8.10.2016

vinte e quatro

Primeiro há uma casa. É aquela onde eu vivo e é velha. Tão velha que até o relógio do corredor se cansou de contar o tempo que passa. Talvez, simplesmente, se tenha fartado dos dias sempre iguais, com o pó a acumular-se nas mobílias como neve em câmara lenta. Durante anos, as únicas visitas que a casa teve foram as sombras das árvores encostadas à janela da cozinha. Vinham esconder-se do Sol e ao fim da tarde tornavam a sair. Ainda o fazem hoje em dia, aliás, e não querem saber se agora eu vivo lá. Ignoram-me da mesma forma que a cidade o faz.
É um rés do chão no bairro de Darvenitsa, no bloco treze, um quase cadáver de cimento e betão igual a muitos outros espalhados pelos subúrbios de Sófia.

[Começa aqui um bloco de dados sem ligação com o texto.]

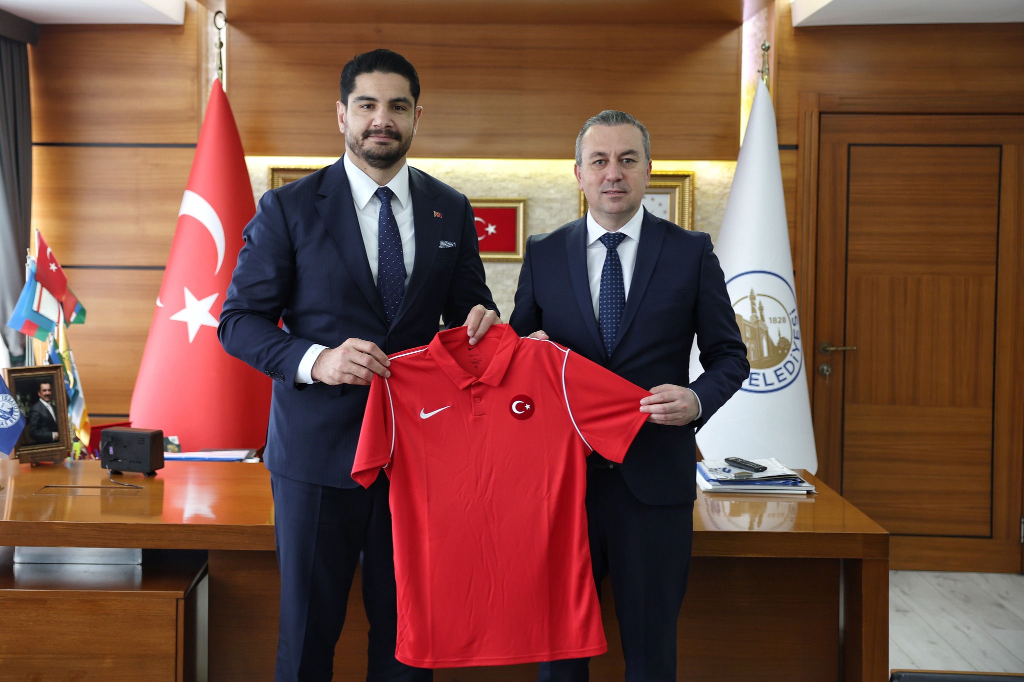 Ülkemize büyük gururlar yaşatan eski milli güreşçimiz ve Türkiye Güreş Federasyonu Başkanı hemşehrimiz Taha Akgül, Belediye Başkanı Dr. Adem Uzun'u makamında ziyaret etti.

Parecem animais gigantescos que se cansaram de migrar e pararam de repente, como se quisessem desistir de viver e esperassem agora calmamente a morte.
A palavra conforto desapareceu do meu dia-a-dia. Não tenho um sofá, uma cadeira decente ou uma cama. Às vezes recordo-me do meu pequeno apartamento em Aveiro e pergunto-me o que estou aqui a fazer. Costumo abrir uma lata de cerveja ou encher um copo de vinho para encontrar a resposta. Escavo a minha vida da mesma forma que um cão esfomeado esgravata o chão e não encontro. Limito-me a beber, então.

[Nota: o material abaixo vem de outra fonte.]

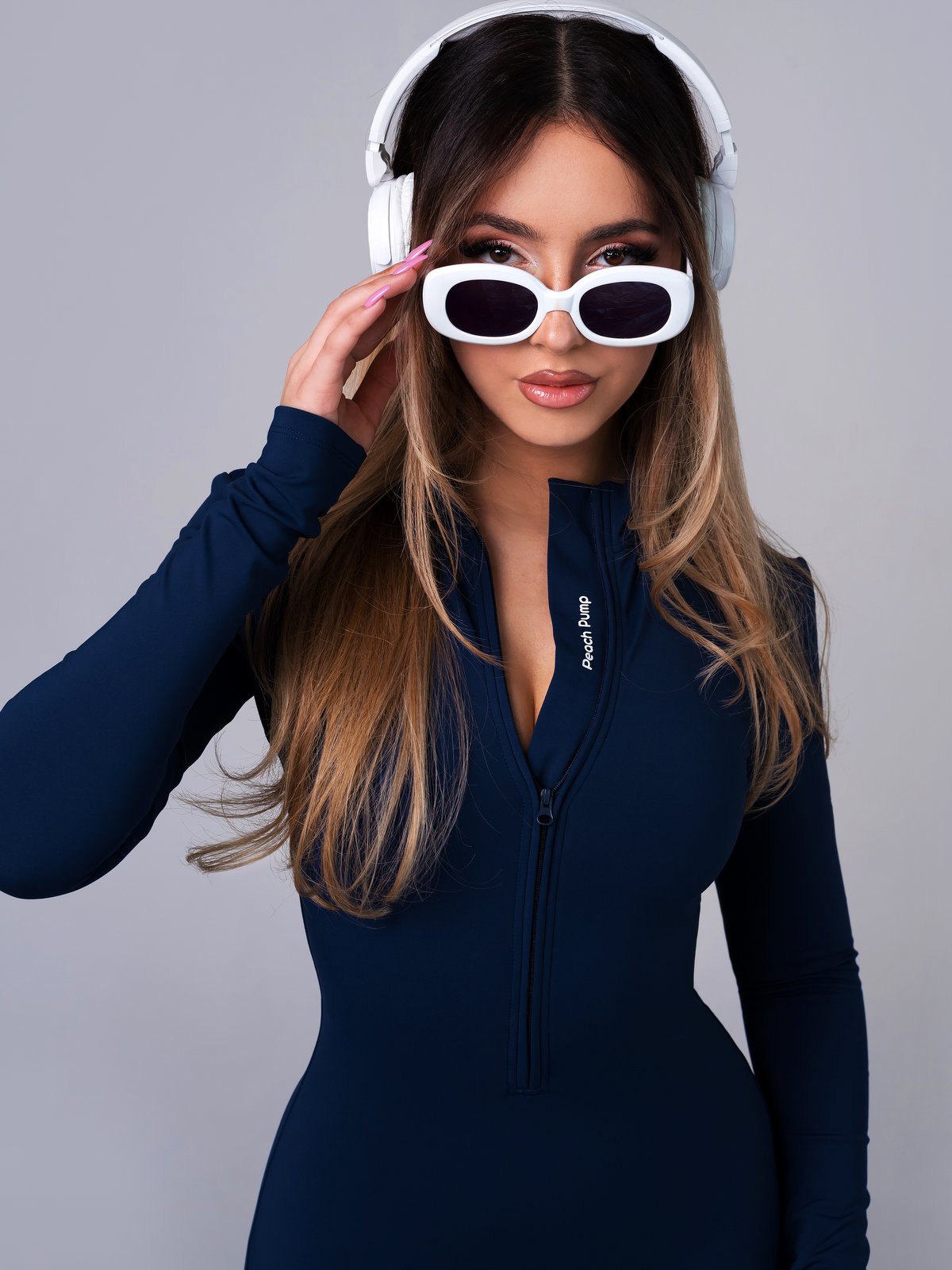 Тъмно син гащеризон по тялото с мека ватирана подплата, дишаща материя, идеална за тренировки или разходки в по-студено време. Модела има цип в предната част, вътрешен надпис Peach Pump и гумирано лого “Peach Pump”на рамото. Гащеризона приляга перфектно по тялото и го извайва тип пясъчен часовник, прикрива несъвършенствата. Моделът няма шев в предната част. Подходящ и за по-високи дами.

Não encontro, mas sei que ela existe. Aliás, existem várias. Uma delas é que nesta casa de que falo nunca Amei ninguém. É velha, mas também é leve. Não me recorda constantemente da lição que o Amor me deu, que foi aprender a desconfiar dele mesmo. Acho até que, numa certa altura da vida, todos aprendemos essa mesma lição e que ela muda qualquer coisa em nós. Muda tanto quanto o momento em que decidimos pegar numa pequena parte da nossa vida e mudar de sítio. Pelo menos.

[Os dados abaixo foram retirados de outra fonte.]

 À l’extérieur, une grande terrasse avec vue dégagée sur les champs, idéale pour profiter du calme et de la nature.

É com essa leveza que vou vivendo e sinto-me bem. Normalmente, quando a vida mo permite, saio de casa, caminho sete minutos até à estação de Musagenitsa e apanho o metro até uma das cinco estações mais centrais. Tenho sempre três opções: ficar sozinho, beber um copo com um dos cinco ou seis amigos que já fiz na cidade, telefonar a uma mulher de quem decidi gostar.
Há uns dias escolhi a estação de Opalchenska e ficar sozinho. As luzes dos candeeiros públicos encolhiam perante a imensidão da noite e cintilavam de frio. Junto a um pronto-a-vestir barato, duas prostitutas estavam tão quietas quanto os manequins sem rosto da montra. Uma delas deu quatro ou cinco passos na minha direcção e perguntou-me o que eu não precisei perceber para entender. Falava espanhol com sotaque sul americano e convidei-a para uma cerveja numa vinte e quatro. Não para uma cama nem para um canto escuro da cidade.
Uma vinte e quatro é uma loja que vende álcool vinte e quatro horas por dia. Não é propriamente um bar porque não se pode ficar lá dentro muito tempo (algumas nem permitem a entrada), por isso bebe-se na rua ou num dos muitos jardins que também existem.
A noite estava parada e ela disse-me para subir ao apartamento dela. Num saco de plástico muito usado levava seis cervejas de meio litro. Ela colocou quatro num pequeno frigorífico e abrimos as outras duas. Eu tirei o meu casaco e pousei-o num sofá amarelo e gasto, ela foi buscar uma camisola e vestiu-a. Perguntou-me se podia fumar. Claro que sim.
Falámos da vida. De onde somos e como fomos ali parar os dois naquele momento exacto, a uma pequena e insignificante esquina da capital da Bulgária. Como nos sentimos e o que queremos ou não da vida. Falámos de coisas de que não me lembro, apenas por falar. Depois ela parou por um momento, fitou-me nos olhos como se procurasse qualquer coisa que não tinha ainda conseguido encontrar. Apagou o cigarro numa lata de atum transformada em cinzeiro e levantou-se.

- Estou cansada. Vais-te embora ou queres dormir aqui?

Quando abri os olhos de manhã, as sombras das árvores lá fora tinham entrado em casa dela para se esconderem do Sol. Com os meus olhos ainda em esforço, procurei um relógio qualquer para saber que horas eram. Havia um de plástico numa das paredes, mas estava parado.